Research:
Identifying treatment strategies to increase immune cell accumulation in pancreatic cancer in order to improve patient responses to immunotherapy. Specifically, utilizing high-throughput single-cell proteomic analysis technologies to identify immune cell populations that promote anti-tumor effects in pancreatic cancer.

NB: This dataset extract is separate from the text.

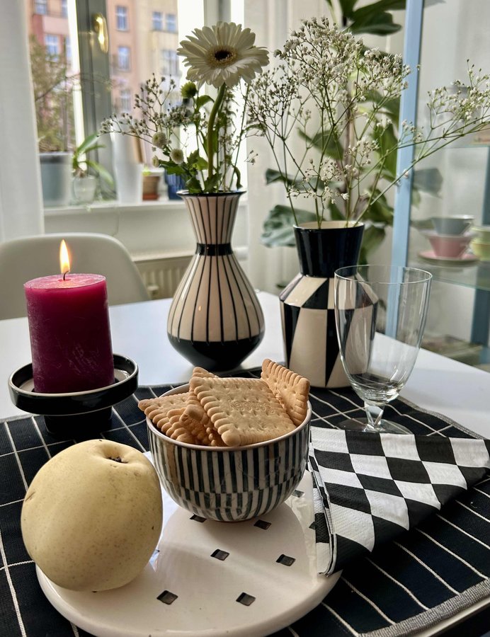 Wohnzimmer, Tischdeko, Marinekko, Hedwig Bollhagen, Vasenliebe, Wagenfeld Glas

How Will Your Research Benefit Society?

Pancreatic ductal adenocarcinoma (PDAC) is the most common form of pancreatic cancer. PDAC has a 5 year survival rate of 12% and current treatments are limited to toxic chemotherapies. Immunotherapy utilizes the body’s own immune system to fight cancer, but has had limited success in pancreatic cancer due to the immunosuppressive nature of the PDAC tumor microenvironment (TME). Significantly, the PDAC TME restricts accumulation of anti-cancer immune cells at the site of tumor cells by promoting fibrosis. Previously, we have found that dipeptidyl peptidases (DPPs), a family of serine peptidases involved in fibrosis and cancer, are overexpressed in PDAC. Four kinds of DPPs and Fibroblast Activation Protein (FAP) possess enzymatic activity, which limit immune activating cytokines and promote fibrosis. Interestingly, BXCL701 (701), a pan-inhibitor of these DPPs and FAP, enhances the anti-tumor effects of anti-PD1 antibody (α-PD1) immunotherapy in syngeneic, murine PDAC models. Using imaging mass cytometry, I have found that 701+α-PD1 induces a dramatic reduction in intra-tumoral collagen and αSMA+ fibroblasts. Critically, this is associated with increased T cell infiltration. However, despite these findings, the full impact of 701+α-PD1 on activating immune cells responsible for anti-tumor effects in the PDAC TME is unclear. Therefore, to fully interrogate the effects of this therapy, I propose to use a multiplex, single cell proteomic technology called cytometry by time-of-flight (CyTOF) to characterize and define alterations in up to 40 different immune cell sub-populations induced by 701+α-PD1 treatment responsible for anti-tumor effects. These results will provide insights into the impact of DPP inhibition on activating different immune cell subsets and potentially identify unique populations responsible for anti-tumor effects in PDAC. Most excitingly, results will be rapidly translatable, given that my advisor, Dr. Louis M. Weiner, is directing a phase II clinical trial testing 701+α-PD1 in patients with metastatic PDAC.

How will an ARCS Award Benefit Your Research?

Although spatial proteomic imaging technologies are increasing in popularity, reagent costs are still a barrier. This second year as an ARCS scholar will allow me to further overcome these barriers to address my hypothesis and progress my thesis project.

Career objectives:

My goal is to become a leading physician-scientist in the field of cancer immunology, working to develop new therapies for pancreatic cancer. Simultaneously, I hope to serve as a leader for the next generation of scientists, advocating for science education and research.